Supplied data ▸
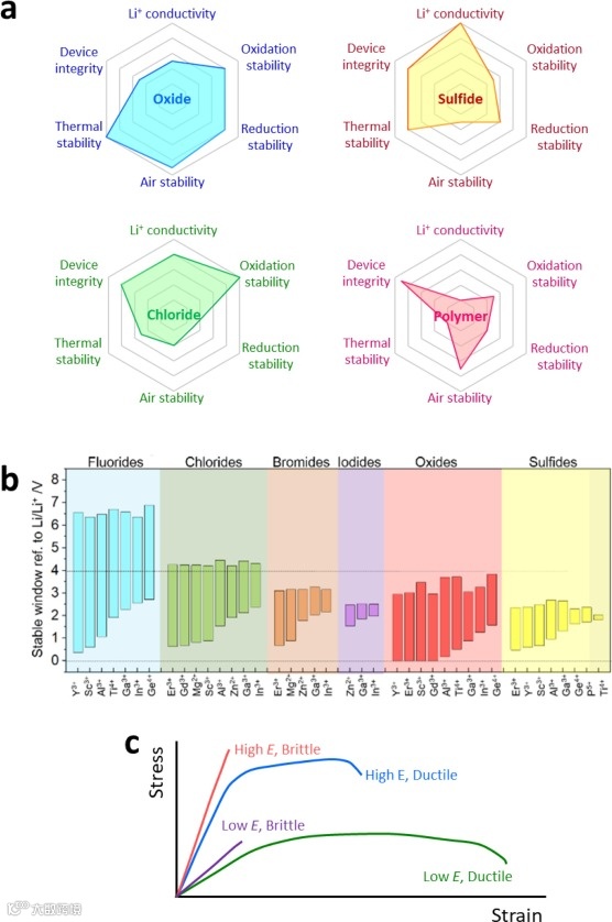 图2. (a) 各种SE化合物关于ASSB应用要求的比较。(b) 无机SE的电化学稳定性窗口的比较。上限和下限电位是通过DFT计算估计的。(c) 脆性和韧性材料的典型应力-应变曲线。
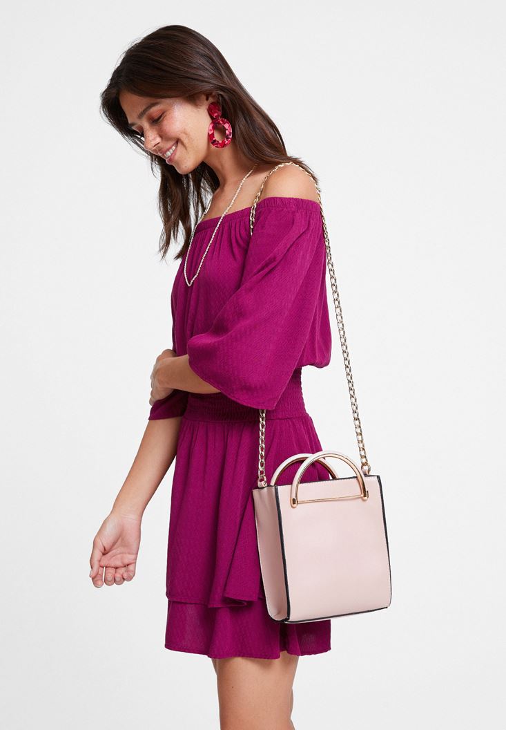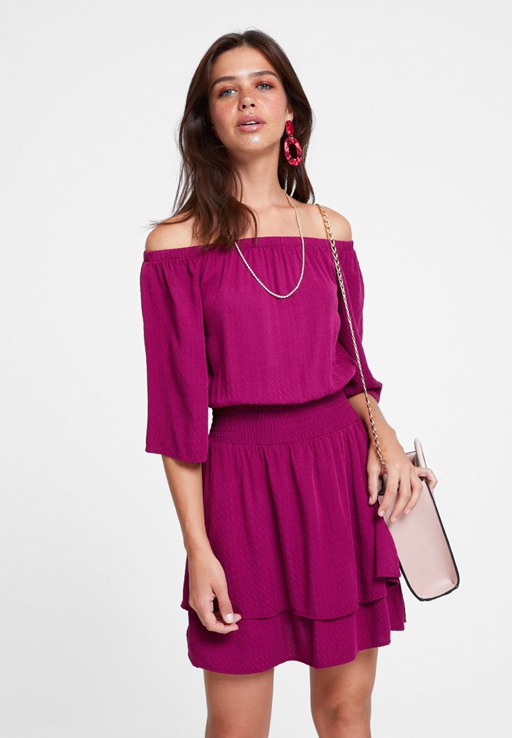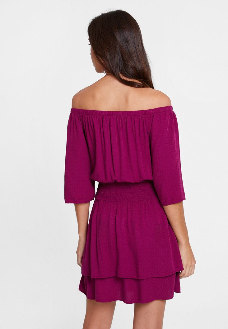 • Bayan Mor Düşük Omuzlu Dokulu Elbise
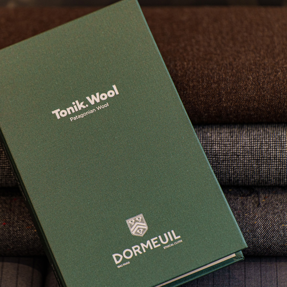 トニックは1957年に発表され、現在でも30%モヘア使用の<TONIKⓇ2000>、そして90%モヘアを使用した<NEW TONIKⓇ>と形をかえながらも展開している、ドーメルのシンボル的ロングセラー素材です。今回、麻布テーラーが着目したPATAGONIA WOOL(パタゴニアウール)は、オリジナル<TONIKⓇ>の風合いをパタゴニアウールのみで織り上げた新パタゴニア素材です。アンデス山脈から拭き下ろす強い風と灼熱の暑さの自然環境にある南アメリカ大陸のアルゼンチンとチリに跨るパタゴニア地域で良質なパタゴニアウールは産出されます。パタゴ二アウールはクリンプが多く、強く膨らみがあり、服地に仕上げると通気性、保湿性、そして伸縮性を併せ持ち合わせます。毎年限られた量の原料の刈り上げとなり希少性高い原料です。その革新的な夏のラグジュアリー素材に麻布テーラーのセンスが光る色柄を別注しました。
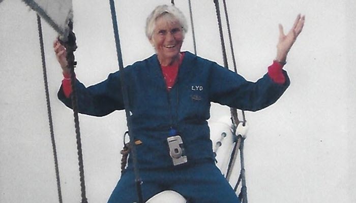 Leaving that position, she spent a transformative year and a half sailing with maritime legends Captain Irving Johnson and his wife Electa (Exy) aboard the 96-foot brigantine Yankee. That 18-month voyage, which included 120 Ports O’ Call and rounded the Cape of Good Hope, shaped her future in profound ways.

Work instructions ▸ Without including any picture, output all the material exactly as it appears.

Answer box ▸
 图2. (a) 各种SE化合物关于ASSB应用要求的比较。(b) 无机SE的电化学稳定性窗口的比较。上限和下限电位是通过DFT计算估计的。(c) 脆性和韧性材料的典型应力-应变曲线。
 • Bayan Mor Düşük Omuzlu Dokulu Elbise
 トニックは1957年に発表され、現在でも30%モヘア使用の<TONIKⓇ2000>、そして90%モヘアを使用した<NEW TONIKⓇ>と形をかえながらも展開している、ドーメルのシンボル的ロングセラー素材です。今回、麻布テーラーが着目したPATAGONIA WOOL(パタゴニアウール)は、オリジナル<TONIKⓇ>の風合いをパタゴニアウールのみで織り上げた新パタゴニア素材です。アンデス山脈から拭き下ろす強い風と灼熱の暑さの自然環境にある南アメリカ大陸のアルゼンチンとチリに跨るパタゴニア地域で良質なパタゴニアウールは産出されます。パタゴ二アウールはクリンプが多く、強く膨らみがあり、服地に仕上げると通気性、保湿性、そして伸縮性を併せ持ち合わせます。毎年限られた量の原料の刈り上げとなり希少性高い原料です。その革新的な夏のラグジュアリー素材に麻布テーラーのセンスが光る色柄を別注しました。
 Leaving that position, she spent a transformative year and a half sailing with maritime legends Captain Irving Johnson and his wife Electa (Exy) aboard the 96-foot brigantine Yankee. That 18-month voyage, which included 120 Ports O’ Call and rounded the Cape of Good Hope, shaped her future in profound ways.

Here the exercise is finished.